Path: utzoo!utgpu!jarvis.csri.toronto.edu!mailrus!ncar!ico!ism780c!ism780b!greger
From: greger@ism780b (Greger Leijonhufvud)
Newsgroups: comp.std.internat
Subject: Re: 7-bit ASCII vs. 8-bit ASCII
Message-ID: <26644@ism780c.isc.com>
Date: 25 Apr 89 04:06:59 GMT
References: <2568@ndsuvax.UUCP> <5153@hubcap.clemson.edu> <1468@auspex.auspex.com> <Apr.19.10.41.28.1989.7554@paul.rutgers.edu>
Sender: news@ism780c.isc.com
Reply-To: greger@ism780b.UUCP (Greger Leijonhufvud)
Distribution: usa
Organization: Interactive Systems Corp., Santa Monica CA
Lines: 50

In article <Apr.19.10.41.28.1989.7554@paul.rutgers.edu> halldors@paul.rutgers.edu (Magnus M Halldorsson) writes:
>The ISO 8859 character sets specify sets for specific languages. Now
>what if one wants to use a combination of those? Is there any standard
>for storing, representing, and switching between various (ISO)
>character sets? What if one wants to allow for Japanese or Chinese as
>well?
>
>Magnus

There are several standardized (and several not yet blessed) techniques for
"mixing codesets". The /usr/group Subcommittee on Internationalization
has been studying several techniques for a while, and may even propose
something to POSIX (or whoever the appropriate forum is).

The AT&T "EUC" (Extended UNIX Codes) method is the only one so far
implemented within UNIX for "internal use". This was done in Japan, 
because the Japanese language typically is written with 3 different 
script systems (Kanji, Katakana and Hiragana). 
The EUC scheme is based on the ISO 2022 single-shift coding:

	7-bit ASCII is always present as code set 0.
	All other code sets must have the high-order bit set
	in all bytes.
	Code set 1 is distinguished by the high order bit set.
	Code set 2 has the high order bit set, and each character
	is prepended by the ISO 2022 SS2 (8e) character.
	Code set 3 has the high order bit set, and each character
	is prepended by the ISO 2022 SS3 (8f) character.
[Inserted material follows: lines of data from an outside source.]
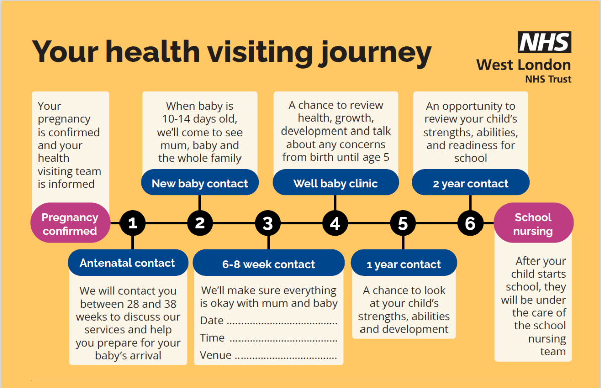 The Health Visiting Team are here to support you and your family up until your child is 5 years of age. We deliver the Healthy Child Programme which provides health advice and parenting support for you and your child. Universal support is offered to every family across Hounslow. Your Health Visitor will see you at the below 5 core contacts: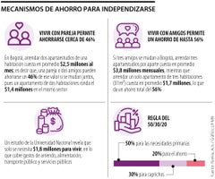 Según datos de la consultora Cbre Group, en Colombia, al igual que en otros países de América Latina, los jóvenes dejan su casa a los 28 años, mientras que en Estados Unidos lo hacen a los 24 y, en Europa, a los 26. Bbva asegura que el método del 50/30/20 es uno de los más útiles al momento de irse a vivir solo; esta consiste en coger todos los ingresos mensuales y dividirlos en porcentajes que son: 50% para las necesidades primarias; 30% para capricho y 20% para el ahorro.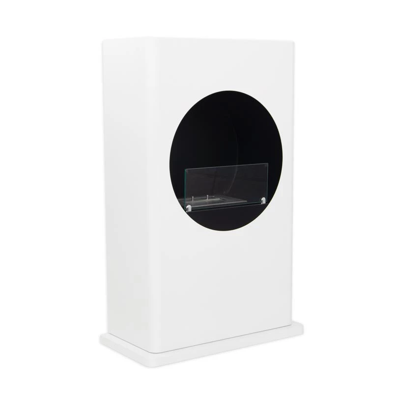 Fritstående biopejs med rund udskæring i hvid er en moderne og minimalistisk tilføjelse til ethvert rum. Dens elegante design har en rund åbning, der forbedrer synligheden af flammerne og skaber en hyggelig atmosfære. Med en varmeeffekt på 2,2 kW og en br

This scheme supports (in theory) 4 different code sets. For 8859
compatible code sets, of course, it only supports 3 (as ASCII is
part of each code set), and it does not support code sets that does
not conform to ISO 2022 (such as the IBM Extended ASCII used on
PC's, or the Shift-JIS code set.

A more generalized scheme is the "Compound String" method, also endorsed
by ISO. It may very well be the X Windows encoding scheme for
interchange or internal representation.

There are also other encoding schemes, by Sun, Xerox and other
companies.

There is, however, no standard as yet. Unfortunately. But, from V.4,
you should be able to mix Icelandic with Bulgarian, and get your
Greek quotations OK, too.

Greger Leijonhufvud
Interactive Systems Corp.
Sunny Santa Monica, Ca.
uunet!ism780c!greger